Backtalker: An American Memoir
- First edition cover
- Author: Kimberlé Williams Crenshaw
- Audio read by: Kimberlé Williams Crenshaw
- Language: English
- Subject: Memoir
- Publisher: Simon & Schuster
- Publication date: May 5, 2026
- Publication place: New York
- Media type: Print (hardcover)
- Pages: 400
- ISBN: 9781982181000

= Backtalker =

2026 book by Kimberlé Crenshaw

Backtalker: An American Memoir is a 2026 autobiography by legal scholar Kimberlé Crenshaw. Published by Simon & Schuster on May 5, the book details her early life and personal conceptualization of intersectionality and critical race theory (CRT). It also divulges into her reaction to the 2020s critical race theory controversies, simultaneously serving as a refutation of accusations that her work was a "European import" based on cultural Marxism and "identity politics on steroids". Chapters were originally written as introductory articles for a law review volume, but her agent sought to expand readership to the public.

== Life ==
Crenshaw was born on May 5, 1959 in Canton, Ohio to Marian and Walter Crenshaw, who she terms as "race men and women of the 20th century". Within the book dedicated to them, she discusses their influence on how she perceived race, with her mother being involved in the desegregation of a swimming pool at age 3 and father director of the Canton Metropolitan Housing Authority. They explicitly encouraged critical thought on conditions and later on Crenshaw witnessed her mother battle against urban renewal in her hometown Canton, Ohio affecting property inherited by her grandfather. Their lessons establish the "backtalking" throughline. In a Forbes interview, she explained it "implicitly brings into the frame the preexistence of authority, the preexisting power, that basically is telling us to accept, to sit down, to shut up and to go away. That is the essence of a fascist, authoritarian, white supremacist, patriarchal regime. That's what it's telling all of us. So what is it that we are to do in the face of that preexisting power? We talk back to it." Thereafter she follows her life course at Cornell University, Harvard Law School, and the University of Wisconsin, including her coining of the term intersectionality in 1989. The critical moment was the culmination of her Black feminist intellectual exploration via the thought of Maria W. Stewart, bell hooks, Deborah King, and the Combahee River Collective and assessment of DeGraffenreid v. General Motors (1976).

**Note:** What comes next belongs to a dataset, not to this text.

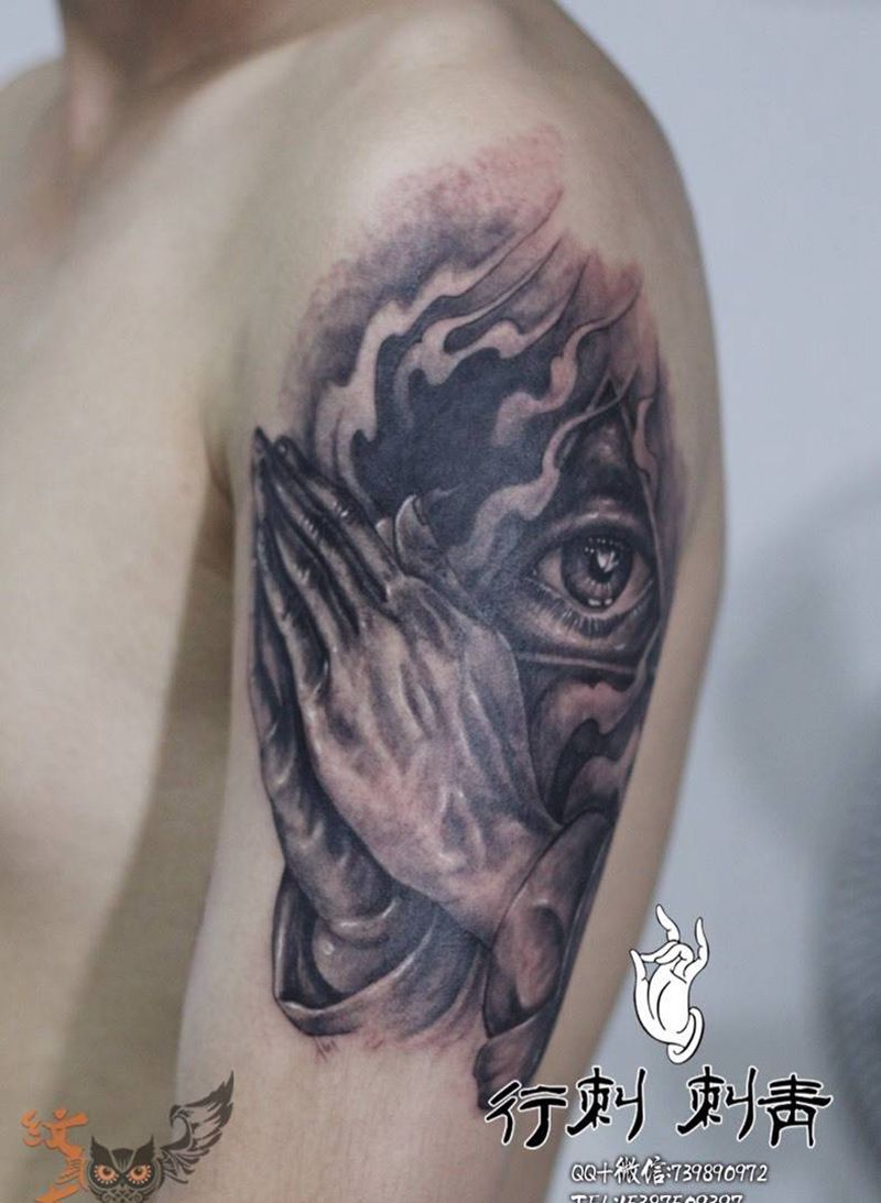 当前位置: 首页 >湖南省长沙市纹身店-长沙行刺刺青纹身图案>字体遮盖 祈祷之手纹身图片

Contemporarily, she critiques Supreme Court Justice Clarence Thomas, contrasting his appeal to African-American heritage to that of his predecessor Thurgood Marshall. Such includes support of his accuser and her friend Anita Hill. She credits him as
"gut[ting]" the Voting Rights Act and allowing for democratic backsliding in the United States in his decision in Citizens United v. FEC (2010). She then criticizes Barack Obama's "My Brother's Keeper Challenge" initiative's exclusion of girls, expounding in an NPR interview on the lack of funding for Black women-led organizations. This spreading awareness of how racism affected Black women extended to her organization African American Policy Forum's involvement in the #SayHerName movement. Her focus on present conditions examines the MAGA movement, deeming the 2020 controversies as arising out of Donald Trump and Fox News's adoption of fringe right-wing propagandists assertions that CRT was reverse discrimination. However, she also challenges institutions that failed to deliver on promises of diversity, equity, and inclusion.

==Reception==
Using Crenshaw's recalling of an assault from who she solely refers to as "Boyfriend From Hell" (BFH) as an example, Colin Grant of The New York Times asserts, "That the precise prose of this account, and numerous other anecdotes, is written with the kind of titanic certainty that would sway a jury is expected; what's surprising, however, is Crenshaw’s candor in revealing her vulnerability and disappointments." By May 21, it was #14 in The New York Times Bestseller List.

Booklist referred to it as "a personal, passionate reminder that sustained freedom to think, communicate, and protest is the best defense against the backslide of progress."